# browning won't eject shells



## buzzing byrd (Feb 27, 2008)

My wife picked up what I believe to be a, A-5 browning 20gauge light made in belgium 1960. At least thats what I get from Blue Book. I have never owned a Browning, but it appears to be a very nice looking shotgun. The problem I am haveing is that it will not eject the spent shells. Any help would be appreciated. Also what is the little lever on the left side of the chamber?

thanks,

buzzing byrd.


----------



## jeffmo (Apr 7, 2004)

not sure about the lever but USUALLY when a semi auto isn't ejecting it's because of a dirty rear spring(in the rear stock).
when i 1st got my 1100 it was doing the same thing.i took it apart and the rear spring was loaded with dirt.it just won't let the action move back far enough to eject the shell.


----------



## freyedknot (Apr 10, 2004)

i was thinking those older brownings had a lever to make it a single shot? sorry never owned one.


----------



## billk (Feb 2, 2008)

I'll take it off your hands for $100...


----------



## Blue Pike (Apr 24, 2004)

The manual

http://media.browning.com/pdf/om/auto5_light_om_s.pdf
Info
http://www.chuckhawks.com/browning_A-5_running.htm
new spring
http://www.brownells.com/aspx/NS/st...532&title=BROWNING AUTO-5 REPLACEMENT SPRINGS

Had a few over the years. A very nice shotgun. Should work just fine on Doves.

you gota keep them clean and oiled. The manual will tell you every thing you need to know.


Oh -- On page 7 of the manual --- Mag cut-off. The little lever.
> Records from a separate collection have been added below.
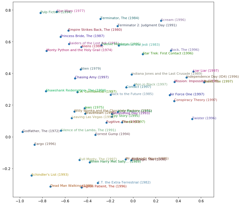 We can see here that the model seems to have discovered a concept of classic versus pop culture movies, or perhaps it is critically acclaimed that is represented here.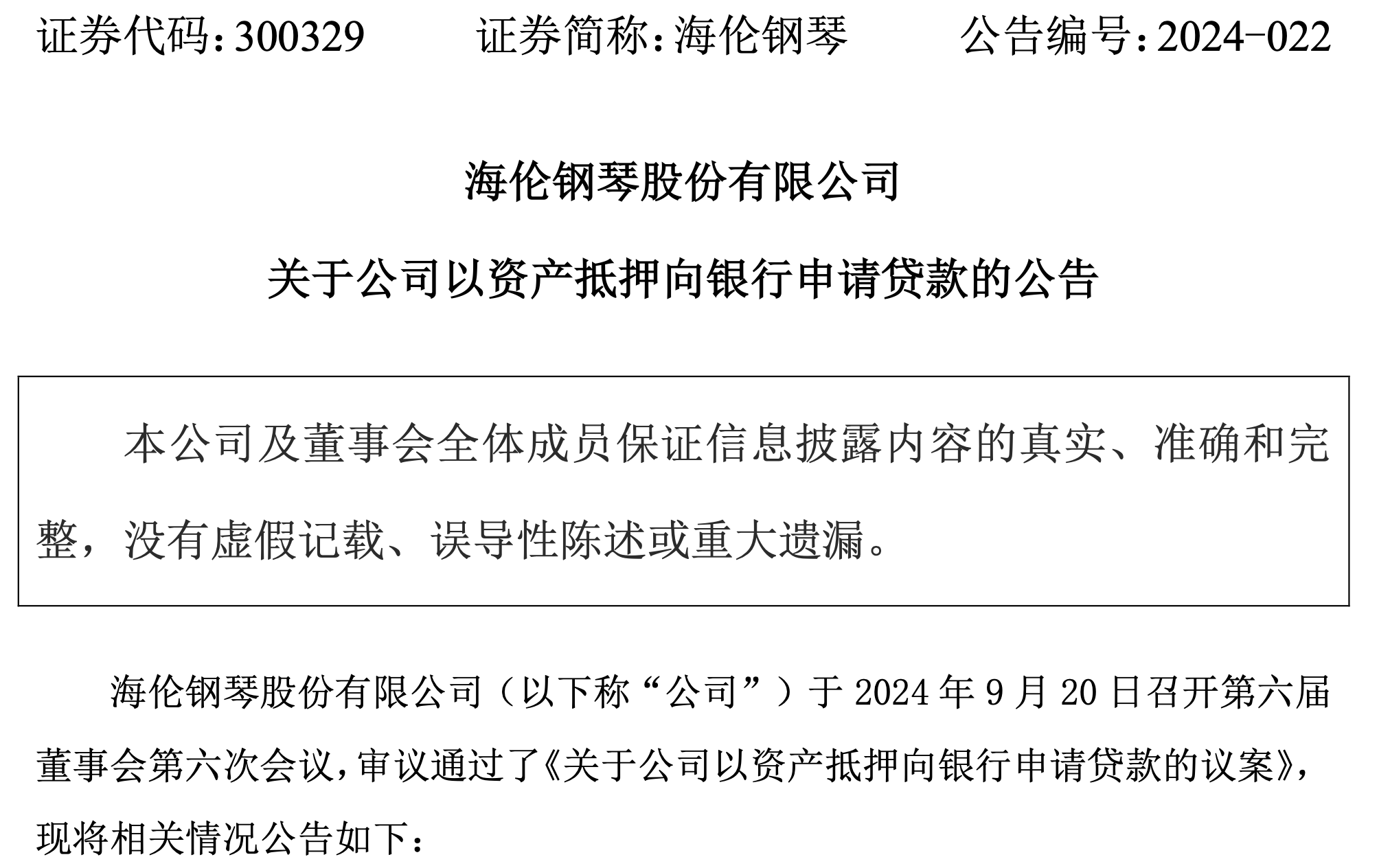 今年9月20日,海伦钢琴发布“公司以资产抵押向银行申请贷款”的公告称,为满足公司及生产经营发展需要,进一步拓宽融资渠道,降低融资成本,拟将部分自有资产抵押至中国农业银行股份有限公司宁波北仑支行用于申请贷款,账面价值9500.13万元,抵押期限以银行签订的抵押合同要求为准。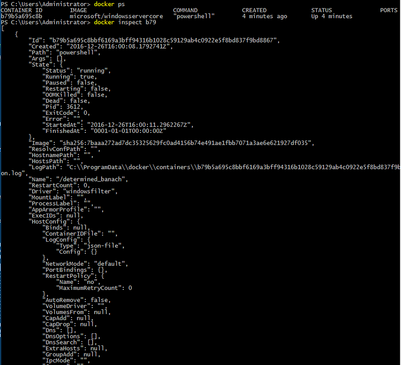 In general most of the commands work as you would expect except that instead of bash you are running cmd.exe or PowerShell and the usual strange Microsoft-isms, that I don’t get. I did seem to create more “dead” containers on Windows Server than on Linux, but restarting dockerd cleaned these up.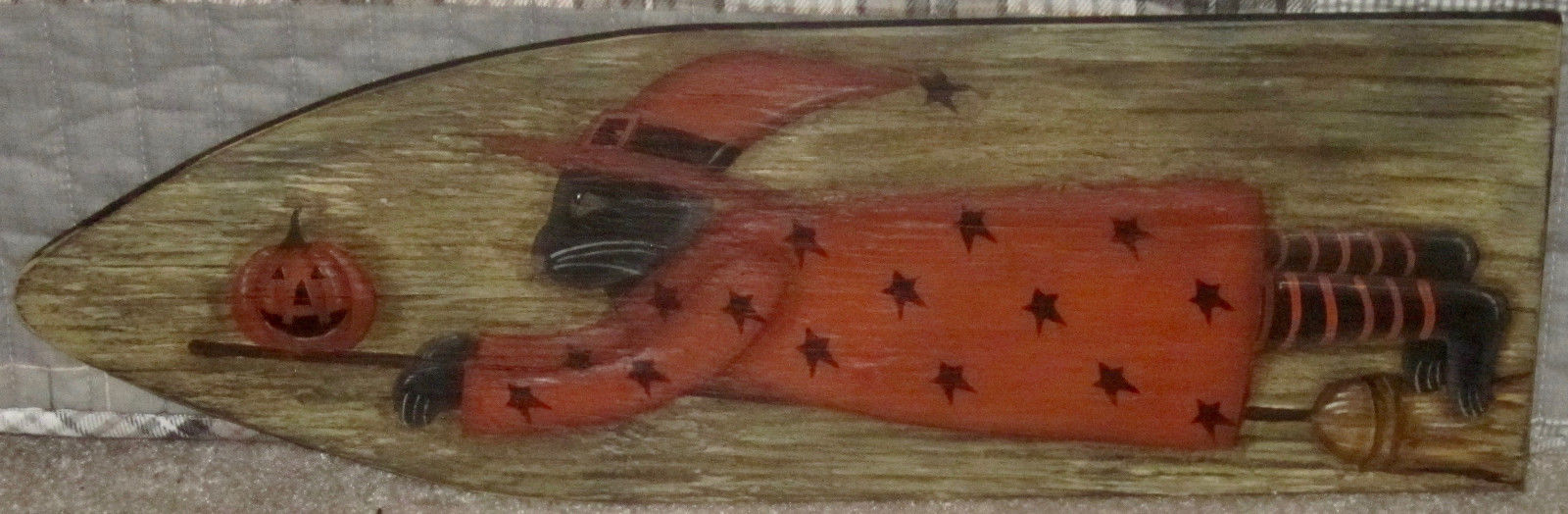 Title (ebay affiliate link): *~*PRIMITIVE*~* HP FOLK ART PRIM FLYING HALLOWEEN CAT *JACK-O-LANTERN* STRETCHER

If Billk should change his mind -- I'll give you the C-note for it.


----------



## roger23 (Mar 7, 2007)

I have probably the same gun,,it does the same in the cold weather ,,Browning has had it 3 times ,,it still does it from time to time,,,I love the gun ,,it might just need a good cleaning or have to much oil or grease...you could try a spring change if all else fails...


----------



## ezbite (May 25, 2006)

shoot a higher powered shell.


----------



## ouflyboy9 (Aug 12, 2008)

I am not familar with brownings but maybe this will help - check to be sure the gas vents are clear...on my 1100 they are on the bottom of the barrel (need to take it off to clean them).


----------



## roger23 (Mar 7, 2007)

A5 is not gas operated..uses springs


----------



## truck (Apr 12, 2004)

http://wiki.answers.com/Q/What_coul...will_not_automatically_eject_2_34_inch_shells


----------



## jeffmo (Apr 7, 2004)

have you figured it out yet?
i'm curious now.........


----------